An exact copy of the data is needed, but without any of its images.

───── Information supplied ─────

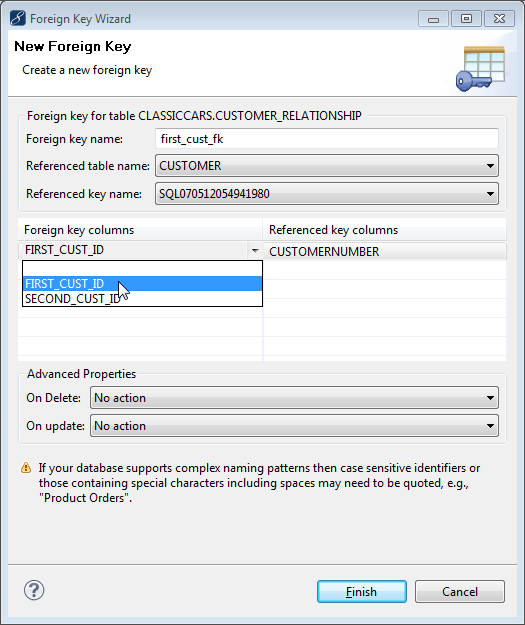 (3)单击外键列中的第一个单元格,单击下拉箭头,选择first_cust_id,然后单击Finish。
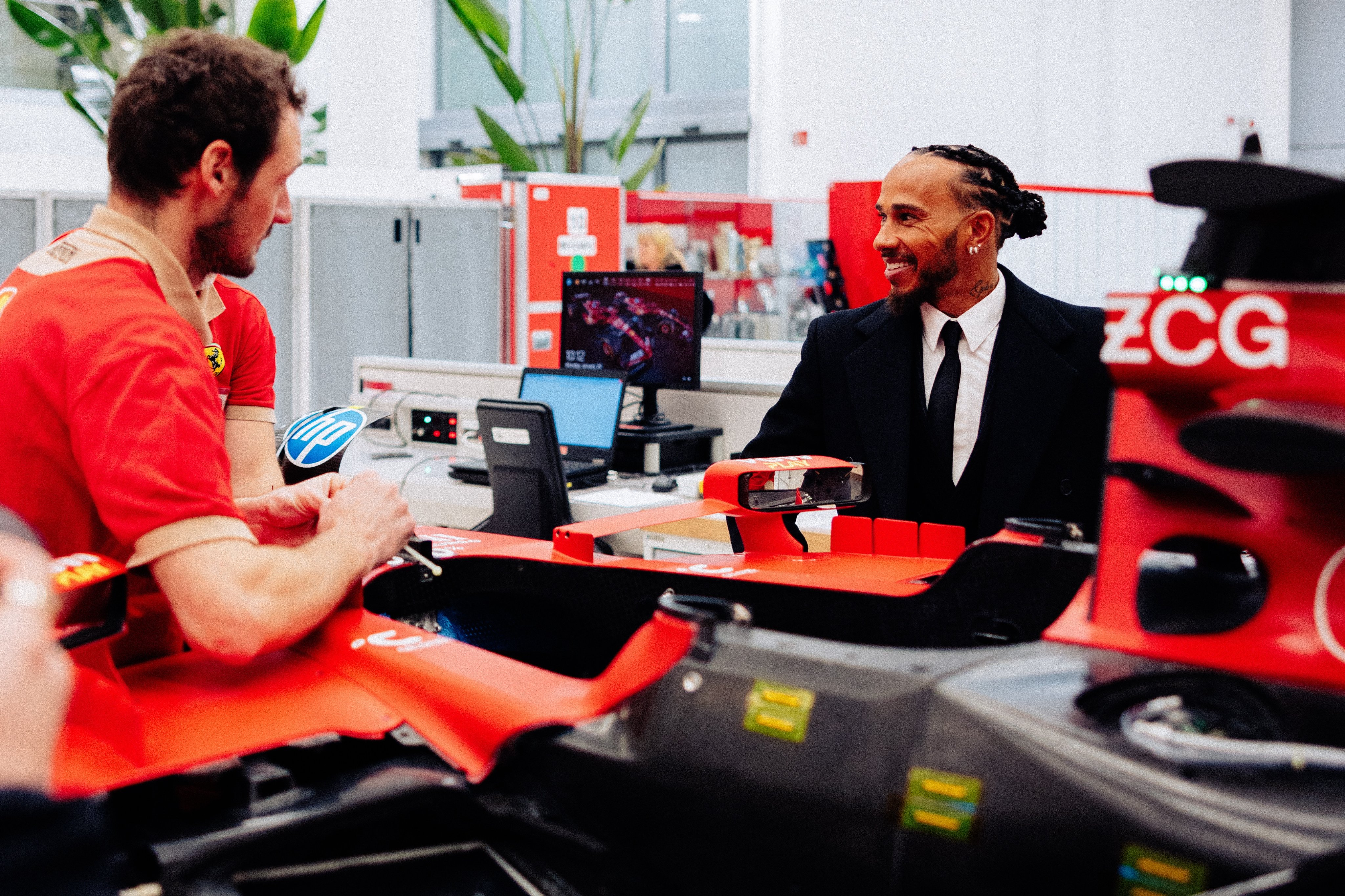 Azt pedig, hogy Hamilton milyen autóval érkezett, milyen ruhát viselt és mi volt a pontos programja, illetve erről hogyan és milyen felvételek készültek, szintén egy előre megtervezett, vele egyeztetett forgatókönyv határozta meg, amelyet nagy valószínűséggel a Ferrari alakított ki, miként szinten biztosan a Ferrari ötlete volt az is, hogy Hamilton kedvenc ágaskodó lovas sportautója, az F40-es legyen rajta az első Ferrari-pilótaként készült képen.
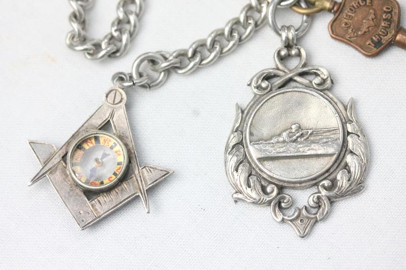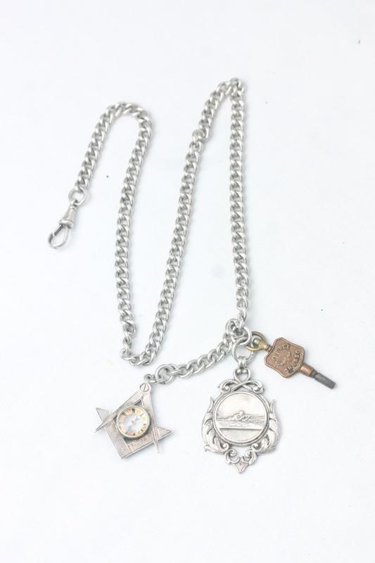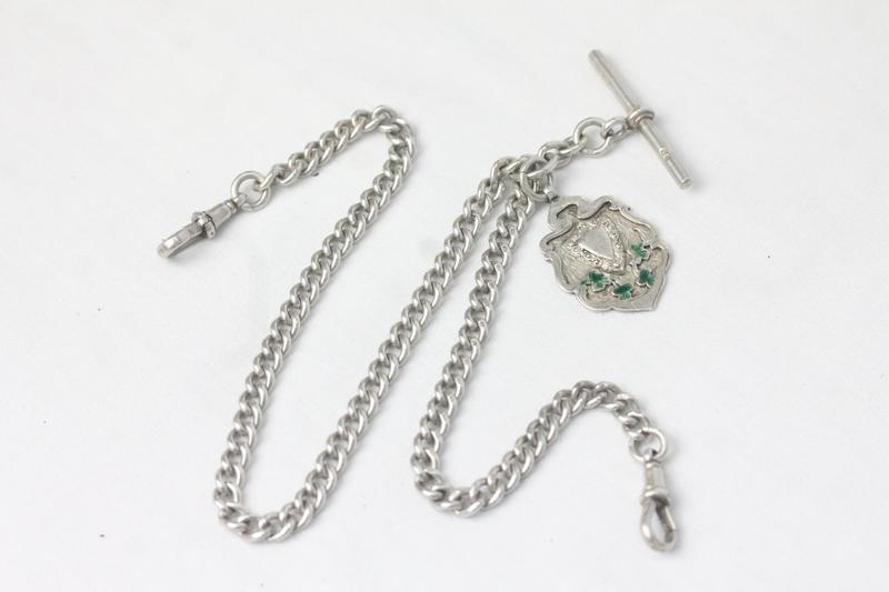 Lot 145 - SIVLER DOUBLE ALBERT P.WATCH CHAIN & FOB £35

─────

» **Your solution**
 (3)单击外键列中的第一个单元格,单击下拉箭头,选择first_cust_id,然后单击Finish。
 Azt pedig, hogy Hamilton milyen autóval érkezett, milyen ruhát viselt és mi volt a pontos programja, illetve erről hogyan és milyen felvételek készültek, szintén egy előre megtervezett, vele egyeztetett forgatókönyv határozta meg, amelyet nagy valószínűséggel a Ferrari alakított ki, miként szinten biztosan a Ferrari ötlete volt az is, hogy Hamilton kedvenc ágaskodó lovas sportautója, az F40-es legyen rajta az első Ferrari-pilótaként készült képen.
 Lot 145 - SIVLER DOUBLE ALBERT P.WATCH CHAIN & FOB £35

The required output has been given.